De acordo com o ICRA, a antecipação das despesas de capital no exercício financeiro de 2027 é significativa, uma vez que se espera que a rigidez fiscal aumente a partir do exercício financeiro de 2028 devido ao aumento das despesas comprometidas com salários e pensões, seguindo as recomendações da 8ª Comissão Central de Pagamentos.
Contudo, o crescimento das despesas das receitas deverá permanecer contido. O ICRA estima que as despesas com receitas aumentem modestos 4% no exercício financeiro de 2027, auxiliadas por um abrandamento acentuado no crescimento dos pagamentos de juros para cerca de 7,5%, em comparação com 14,3% no exercício financeiro de 2026. As despesas com subsídios também deverão moderar-se, prevendo-se que as despesas agregadas com subsídios cresçam cerca de 2% no exercício financeiro de 2027, abaixo dos cerca de 10% no ano anterior.
Como resultado, espera-se que o défice de receitas diminua para 4,7 lakh crore, ou 1,2% do PIB, no exercício de 2027, em comparação com 4,9 lakh crore, ou 1,4% do PIB, no exercício de 2026.

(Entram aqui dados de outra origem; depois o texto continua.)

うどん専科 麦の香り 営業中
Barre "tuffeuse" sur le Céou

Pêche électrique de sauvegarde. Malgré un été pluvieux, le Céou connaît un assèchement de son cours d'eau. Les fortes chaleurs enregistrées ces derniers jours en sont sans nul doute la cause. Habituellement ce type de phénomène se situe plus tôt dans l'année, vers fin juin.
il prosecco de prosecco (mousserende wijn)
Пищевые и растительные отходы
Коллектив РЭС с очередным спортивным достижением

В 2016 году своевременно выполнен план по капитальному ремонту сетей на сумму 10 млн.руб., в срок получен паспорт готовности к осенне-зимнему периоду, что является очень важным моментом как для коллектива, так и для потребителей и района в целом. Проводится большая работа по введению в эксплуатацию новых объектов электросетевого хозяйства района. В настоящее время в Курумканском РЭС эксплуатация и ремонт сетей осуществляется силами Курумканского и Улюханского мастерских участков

Do lado das receitas, o ICRA espera que a arrecadação bruta de impostos cresça cerca de 7% no exercício financeiro de 2027, liderada por um crescimento dos impostos diretos de cerca de 11%. Em contraste, prevê-se que as receitas dos impostos indirectos aumentem moderadamente 2%, em grande parte devido ao impacto dos cortes nas taxas de GST implementados a partir de Setembro de 2025. Estima-se que estas reduções nas taxas resultem numa perda de receitas de cerca de 0,5 lakh crore cada para o Centro e os estados.

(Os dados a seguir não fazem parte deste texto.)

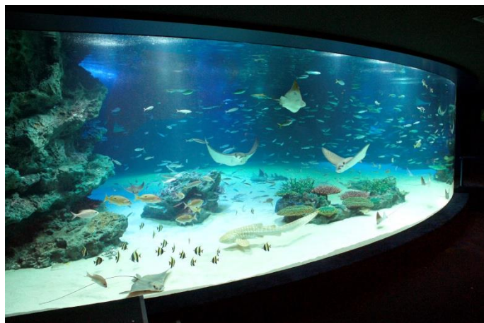
サンシャイン水族館の「サンシャインラグーン」水槽

所 在 地：東京都豊島区東池袋 3-1 サンシャインシティ サンシャイン 60 ビル・60F 営業時間：10：00～22：00 ※最終入場は終了 1 時間前 ※変更になる場合がございます 入 場 料：大人 1,200 円、学生（高校・大学・専門学校）900 円、子ども（小・中学生）600 円、幼児（4 才以上）300 円 ※VR 料金別途 問合せ先：SKY CIRCUS サンシャイン 60 展望台 03-3989-3457 http://www.sunshinecity.co.jp
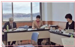
教育福祉常任委員会
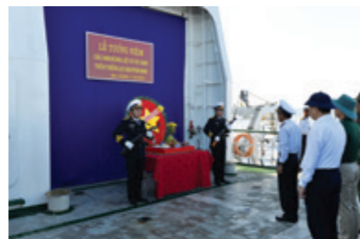
Lễ tưởng niệm các Anh hùng Liệt sỹ hy sinh trên thềm lục địa phía Nam
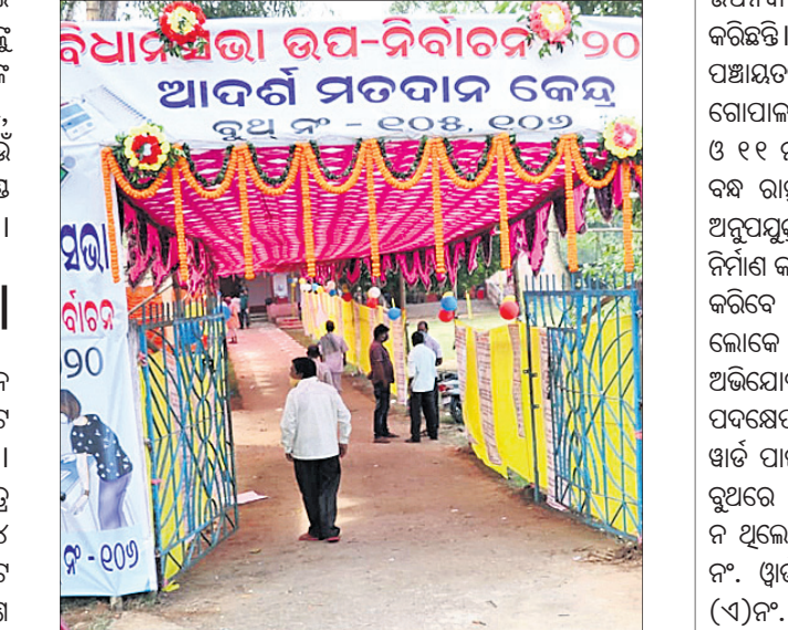
ଆଦର୍ଶ ଭୋଟ ଦାନ କେନ୍ଦ୍ର।

ନିର୍ବାଚନ କମିଶନଙ୍କ ନିର୍ଦ୍ଦେଶ ଅନୁସାରେ ତିର୍ତ୍ତୋଲ ବିଧାନସଭା ନିର୍ବାଚନ ମଣ୍ଡଳୀର ତିର୍ତ୍ତୋଲ, ବିରିଡ଼ି ଓ ରଘୁନାଥପୁର ବ୍ଲକରେ ୫ଟି ଲେଖାଏ ଆଦର୍ଶ ବୁଥ କରାଯାଇଥିଲା। ଏହି ବୁଥଗୁଡ଼ିକରେ ଭୋଟରଙ୍କ ପାଇଁ ସ୍ୱଚ୍ଛ ସୁବିଧା ସୁଯୋଗ କରାଯାଇଥିଲା।

Excluindo a Taxa de Compensação do GST, que termina no exercício de 2026, as receitas dos impostos indiretos deverão crescer cerca de 9,7% no exercício de 2027. Prevê-se que os impostos especiais de consumo da União aumentem 13-14%, refletindo em parte a migração de produtos de pan e tabaco, enquanto as receitas do GST Central deverão aumentar cerca de 9,5%.

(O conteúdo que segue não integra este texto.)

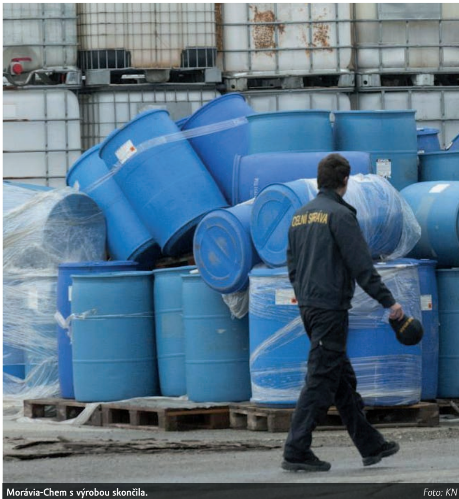
Morávia-Chem s výrobou skončila.
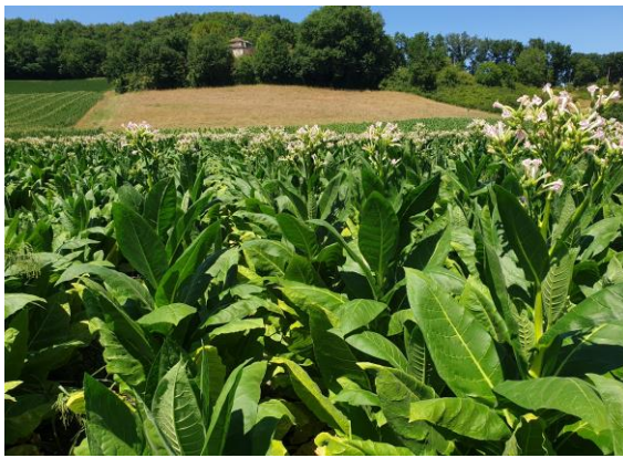
Fleurs de tabac ouvertes

On signale sur la zone de Loupiac-de-la-Réole (33) que le temps chaud est favorable au développement des insectes avec peu de maladies en cours et quelques virus sur des pieds isolés. Dans quelques secteurs on observe que l'orobanche progresse très vite notamment à Schnersheim (67) Chemillé (49) et Vivonne (86). La pression des adventices est en baisse dans l'ensemble des secteurs.

Depois de contabilizar a devolução aos estados, espera-se que as receitas fiscais líquidas do Centro cresçam cerca de 5,2%, para 28,5 lakh crore no ano fiscal de 2027. Prevê-se que as receitas não fiscais aumentem cerca de 5%, mesmo que se espere que os dividendos do Reserve Bank of India normalizem após a transferência recorde de 2,7 lakh crore de rupias no exercício financeiro de 2026.
Do lado do financiamento, a ICRA espera que os empréstimos brutos do mercado aumentem em cerca de 15-16%, para 16,9 lakh crore no exercício financeiro de 2027. Este aumento será impulsionado em grande parte por resgates mais elevados de cerca de 4,7 lakh crore, em comparação com Rs 3,3 lakh crore no exercício financeiro de 2026. Assumindo que cerca de 72% do défice fiscal é financiado através de empréstimos líquidos do mercado, semelhante ao AF2026, as emissões líquidas datadas deverão aumentar cerca de 7,5%, para 12,2 lakh crore.
Espera-se que receitas diversas de capital, incluindo receitas provenientes da monetização e do desinvestimento de activos, sejam orçamentadas em cerca de 60.000 milhões de rupias no exercício financeiro de 2027, embora a ICRA tenha sinalizado riscos de execução nesta frente.
Para a sua análise, o ICRA utilizou as primeiras estimativas antecipadas do National Statistical Office do PIB nominal de 357,1 lakh crore para o ano fiscal de 2026, refletindo um crescimento de 8,0%, e a sua própria estimativa de Rs 392 lakh crore para o ano fiscal de 2027, implicando um crescimento nominal de cerca de 9,8%. Espera-se que o crescimento real do PIB no exercício financeiro de 2027 se situe na faixa de 6-7%, apoiado pelo consumo interno, pelos cortes esperados nas taxas de juro e pelas despesas de capital público sustentadas.